Being that she is the daughter of the famed Twitter outlaw Alec Baldwin, I’m not surprised she stood up for herself and good for her!

She had this to say…

https://twitter.com/IrelandBBaldwin/status/395058595957456896

And this…

https://twitter.com/IrelandBBaldwin/status/395041128115740672

And ultimately this…

https://twitter.com/IrelandBBaldwin/status/395570093377085440

***

I can’t say I understand what its like to have lived under a narrative of oppression, and I’m sensitive and have compassion for all forms of suffering, bullying or racism→ but hasn’t this all gotten out of hand? Should all racial parody costumes cease? I don’t know the answer to that, but I felt compelled to immediately take down my original Facebook post about my Halloween plans, of which didn’t actually exist, and was just a fun post about what I would want to be this year if I could. I have a long history of dressing up as various characters from ‘TV’ or ”Media’ some of them from different cultures, but I definitely won’t be doing that in the future any longer. Through all of this, I learned something new, and I’m thankful for a heightened awareness in my sensitivity footprint. I guess it’s back to the Sexy Nurse, Sexy School Girl, Sexy Meteorologist Halloween garb for me!

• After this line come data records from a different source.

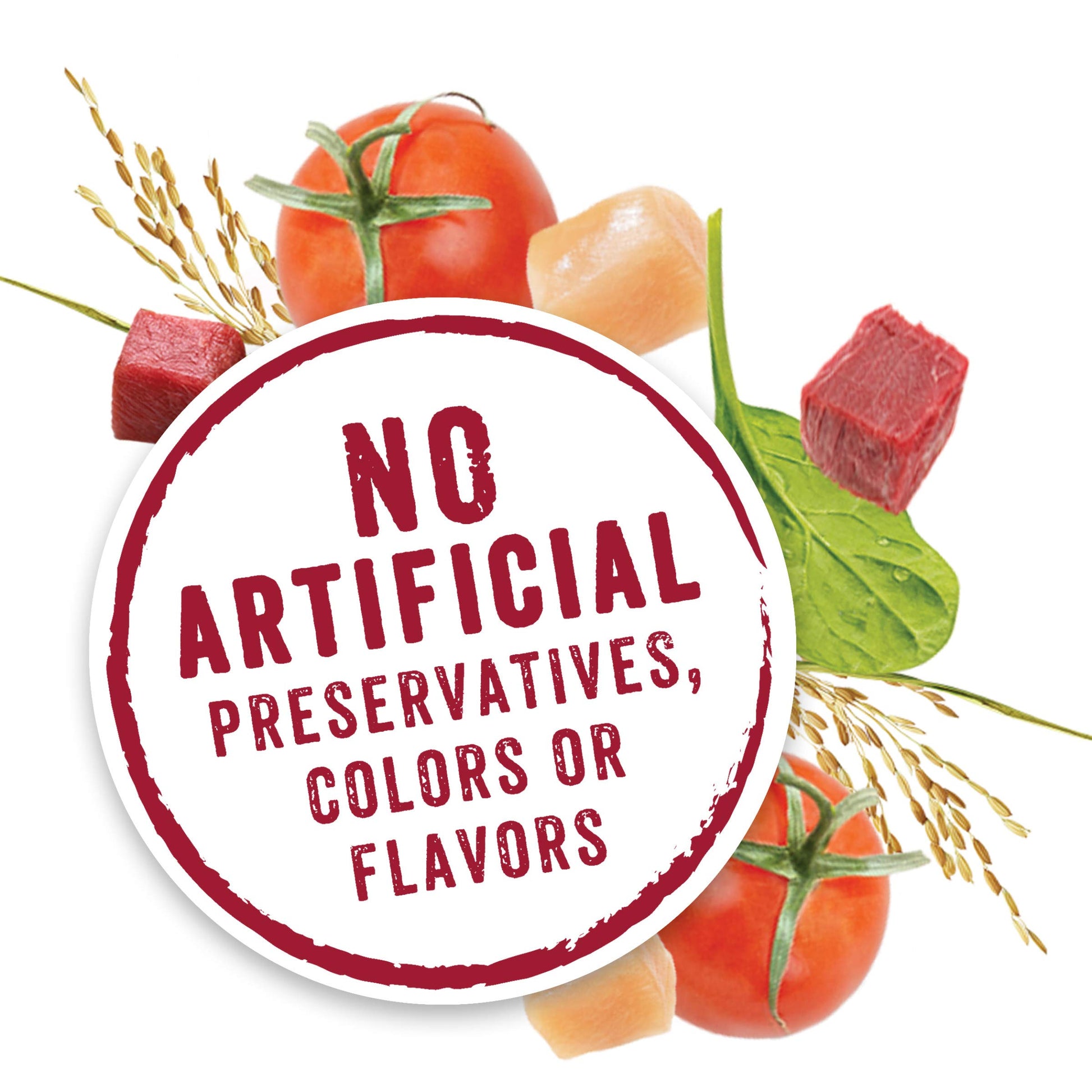 • 100 percent complete and balanced nutrition for adult dogs. No artificial colors, flavors or preservatives
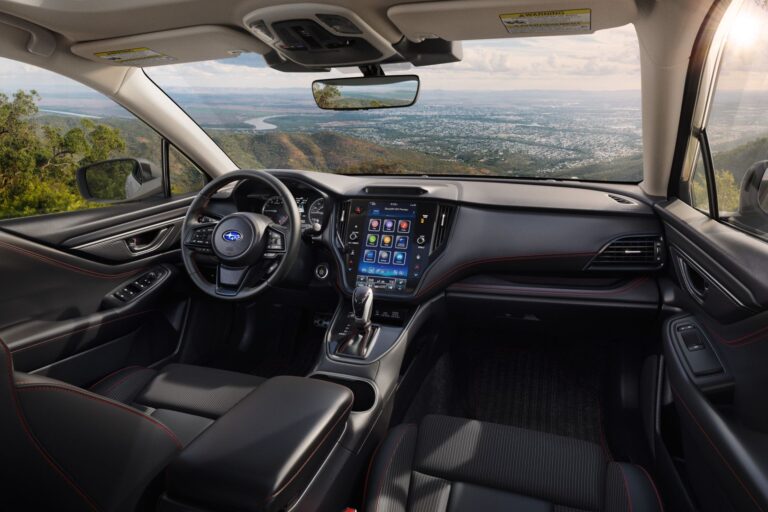 W środku, najważniejsze ulepszenia dokonane przez Subaru dotyczyły systemu multimedialnego Subaru STARLINK. Choć zachowano ten sam ekran w orientacji pionowej o przekątnej 11,6 cala, wprowadzono bezprzewodowe połączenia Apple CarPlay i Android Auto. Dodatkowo, zaczynając od roku modelowego 2023, Legacy zyskało ulepszone systemy bezpieczeństwa, w tym automatyczne hamowanie, wykrywanie martwego pola oraz automatyczne wspomaganie kierownicy w sytuacjach awaryjnych.
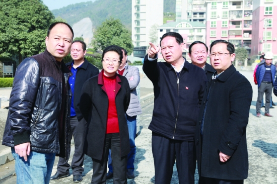 州委书记叶红专(前排右二)、州委副书记、州长龙晓华(前排左二)在州委常委、吉首市委书记刘珍瑜(前排右一)陪同下调研永吉高速的建设情况。
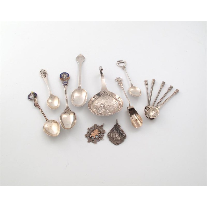 A mixed lot of silver flatware and two medal pendants including:
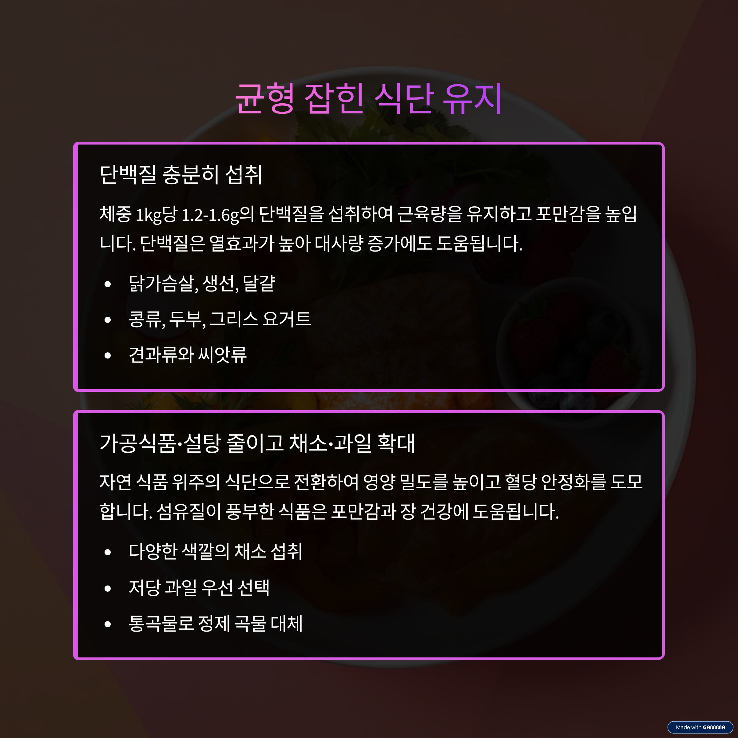 A1. 다이어트보다는 체중 유지와 근육 보존을 위한 균형 잡힌 식단과 운동이 필요합니다.
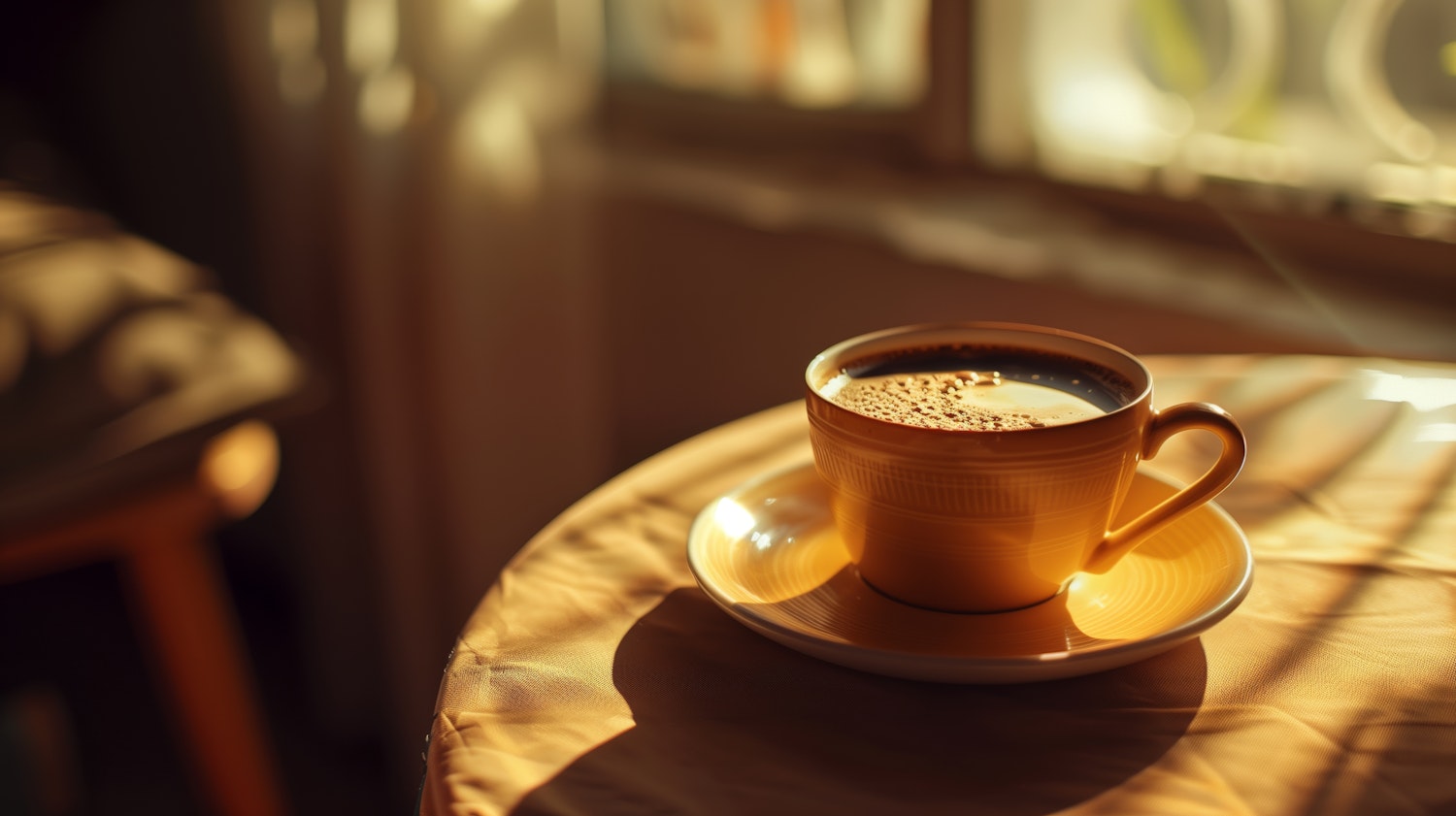 Cozy yellow coffee cup on a sunlit table, creating a warm and inviting atmosphere with soft shadows and golden light.

"Its going to be MUCHO  Caliente in the Gulf of Mexico today Papi..."

“Its going to be MUCHO Caliente in the Gulf of Mexico today Papi…”

…Until the meteorologists get offended that is.

I sincerely wish everyone and their families a safe and joyful Halloween eve.

One Love,

XOXO
The Pop Culture Rainman

*I have used the term black community in the majority of my expression above. Again this is in no way to disrespect anyone. I was brought up in Canada, and in my experience I don’t hear the term African-Canadians used very often, but understand that it is a valid, and often desired expression and way to address the black community. I do use it more when describing an African-American as I feel that this is the general term used. Might I also add candidly, that as a white person, I get frazzled when it comes to the right and wrong way to address people of color, and I believe it’s an anxiety shared by many conscious white people.